MATERIAL FOR THE TASK:

***

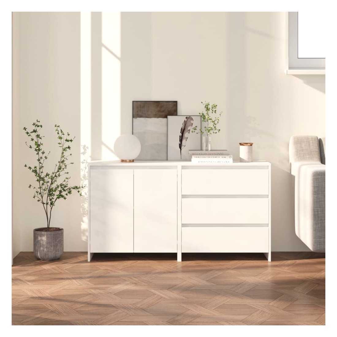 Ces buffets constituent un supplément décoratif et pratique parfait à votre décoration existante. Ces armoires latérales offrent un grand espace de rangement pour garder vos objets quotidiens organisés et à portée de main. Le dessus robuste est parfait pour exposer des objets décoratifs, des cadres photo et des plantes en pot. De plus, ces armoires de rangement sont faciles à nettoyer avec un chiffon humide.
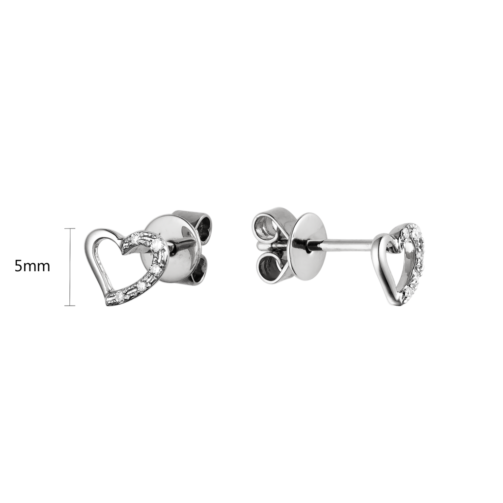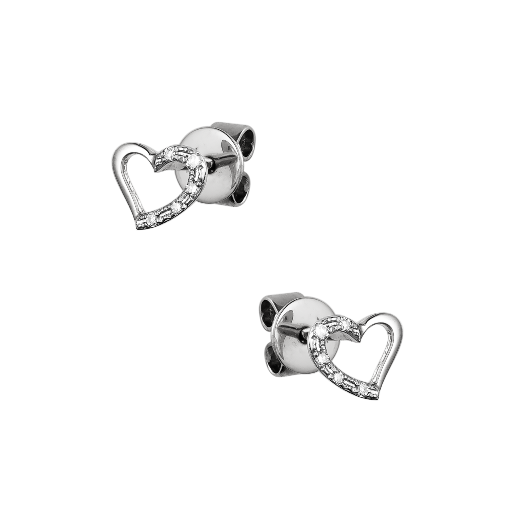 Balto aukso auskarai su deimantais "Širdelė" - Auksiniai Auskarai su brangakmeniais - Goldinga
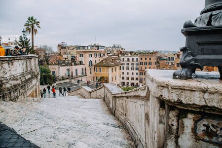 View from the church of Trinita dei Monti at Spanish Steps (Piazza di Spagna). Rome, Italy, 15.03.2015
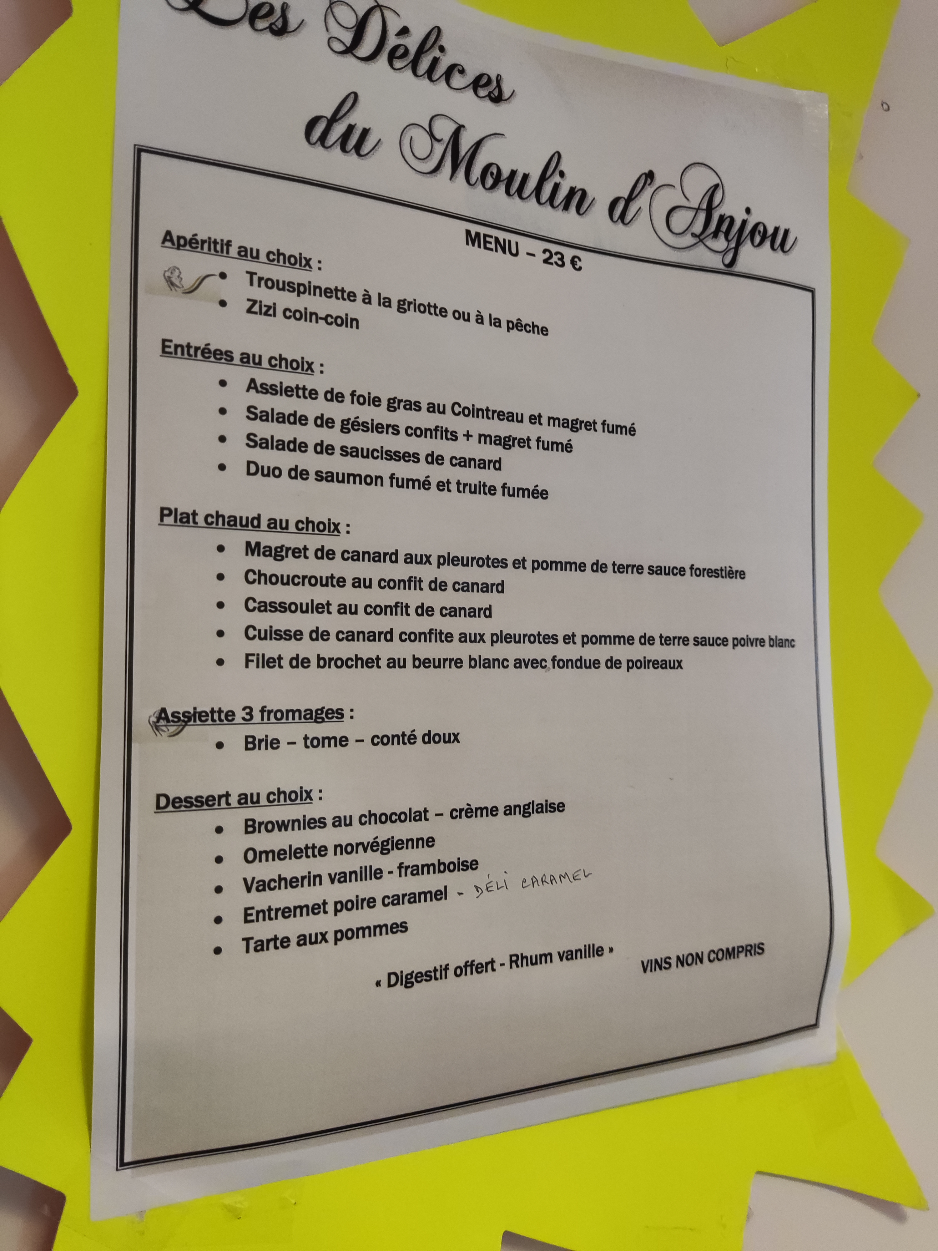 C'est le mois d'août, il fait beau, il fait très chaud, il fait SOIF ! Voilà un cadre merveilleux, je m'arrête, et l'accueil là aussi est merveilleux !!! Que la bière est bonne avec une vue directe sur un parc resplendissant !!! Bravo la Ville du Louroux. Puis j'ai faim, et je décide de rester manger. Un délice!!! Le menu est complet et pas cher! Devant visiter ma future propriété presque tous les jours, alors les midis, je viens me régaler et relaxer aux délices du moulin d'Anjou. J'apprends aussi à connaître la région en discutant avec tout le monde. Je me sens chez moi, je me sens bien encore une fois, dans ce commerce du Louroux Béconnais. Stationnement facile, je vais revenir vous voir et me régaler comme cet été. Merci et joyeuses fêtes de fin d'année !
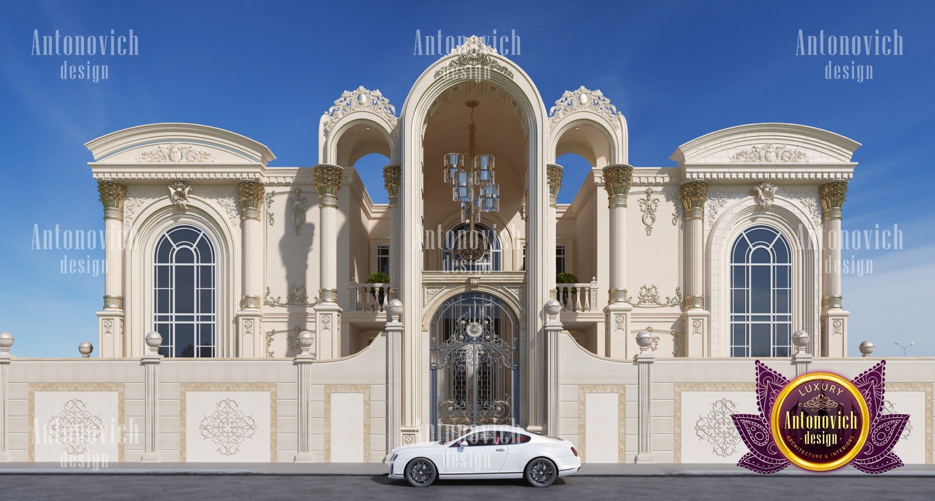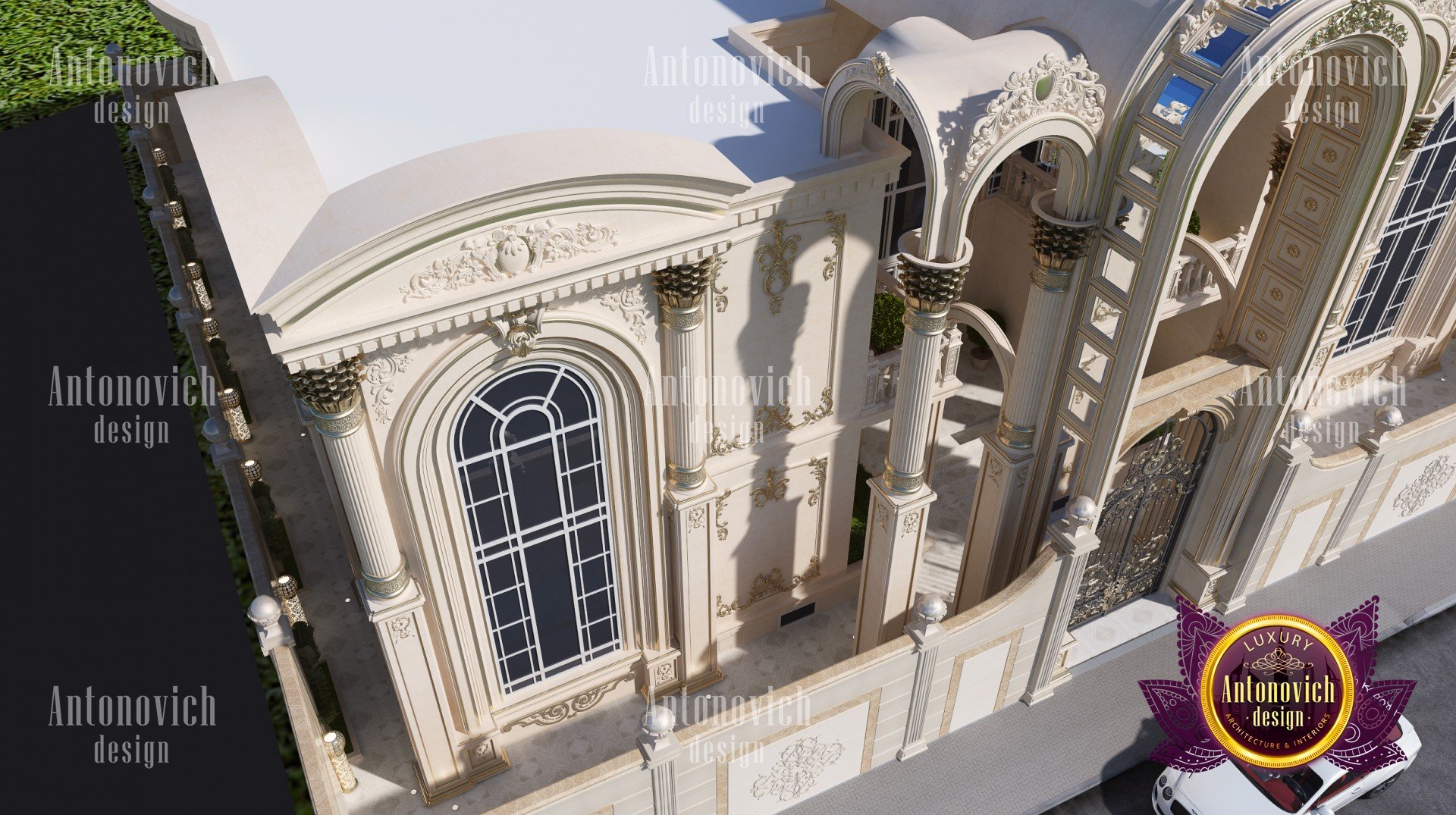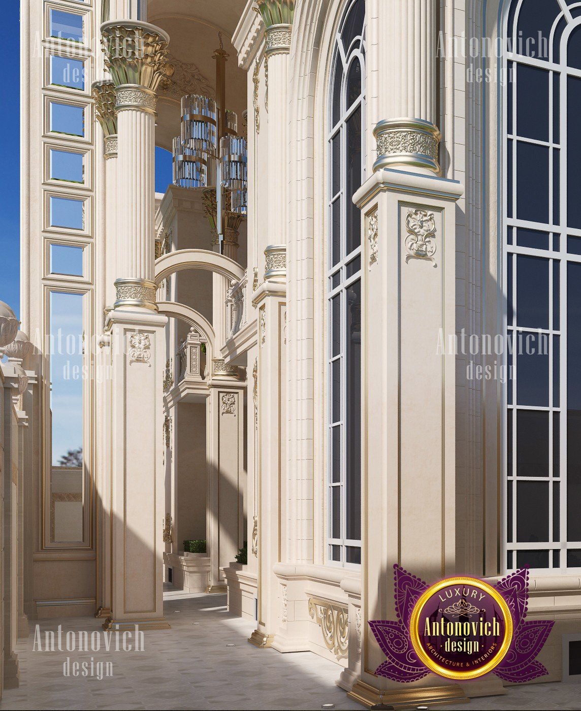 Contemporary architecture in each country assumes its own characteristics, in accordance with the culture and fashion trends. This villa exterior in Abuja, Nigeria reflects a spirit of colonial classics. Architectural designs by Luxury Antonovich Design Studio becomes a reflection of global trends. And a classic style is still the best way to emphasize aristocracy of the house owners. This architectural design became a creation of a modern palace with a luxurious landscaping. An expressiveness of the building is based on a harmonious combination of architectural elements, as well as a stylish contrast of a black roof and light facades. The exterior was decorated with pilasters, moldings, elegant columns, balustrades, and other charming details, just In the best traditions of the classic style with elements of Baroque. Entrance portals of the building are decorated with open terraces with marble staircases. The architecture design impresses with luxurious forms, composition, expressiveness and modern luxury. A laconic continuation of the exquisite exterior is the landscaping. Small architectural forms and sculptures became a big part of the landscape design. Luxury gazebos near artificial ponds are designed in the same style as the building itself. The main part of the building exterior is an entrance gate. This part of the project has a special meaning, setting the tone of respectability and gentility.

***

EXERCISE GOAL: Output exactly the span of lines from the top of the listing through the line holding "C'est le mois", and leave every picture out.

WRITTEN SOLUTION:
 Ces buffets constituent un supplément décoratif et pratique parfait à votre décoration existante. Ces armoires latérales offrent un grand espace de rangement pour garder vos objets quotidiens organisés et à portée de main. Le dessus robuste est parfait pour exposer des objets décoratifs, des cadres photo et des plantes en pot. De plus, ces armoires de rangement sont faciles à nettoyer avec un chiffon humide.
 Balto aukso auskarai su deimantais "Širdelė" - Auksiniai Auskarai su brangakmeniais - Goldinga
 View from the church of Trinita dei Monti at Spanish Steps (Piazza di Spagna). Rome, Italy, 15.03.2015
 C'est le mois d'août, il fait beau, il fait très chaud, il fait SOIF ! Voilà un cadre merveilleux, je m'arrête, et l'accueil là aussi est merveilleux !!! Que la bière est bonne avec une vue directe sur un parc resplendissant !!! Bravo la Ville du Louroux. Puis j'ai faim, et je décide de rester manger. Un délice!!! Le menu est complet et pas cher! Devant visiter ma future propriété presque tous les jours, alors les midis, je viens me régaler et relaxer aux délices du moulin d'Anjou. J'apprends aussi à connaître la région en discutant avec tout le monde. Je me sens chez moi, je me sens bien encore une fois, dans ce commerce du Louroux Béconnais. Stationnement facile, je vais revenir vous voir et me régaler comme cet été. Merci et joyeuses fêtes de fin d'année !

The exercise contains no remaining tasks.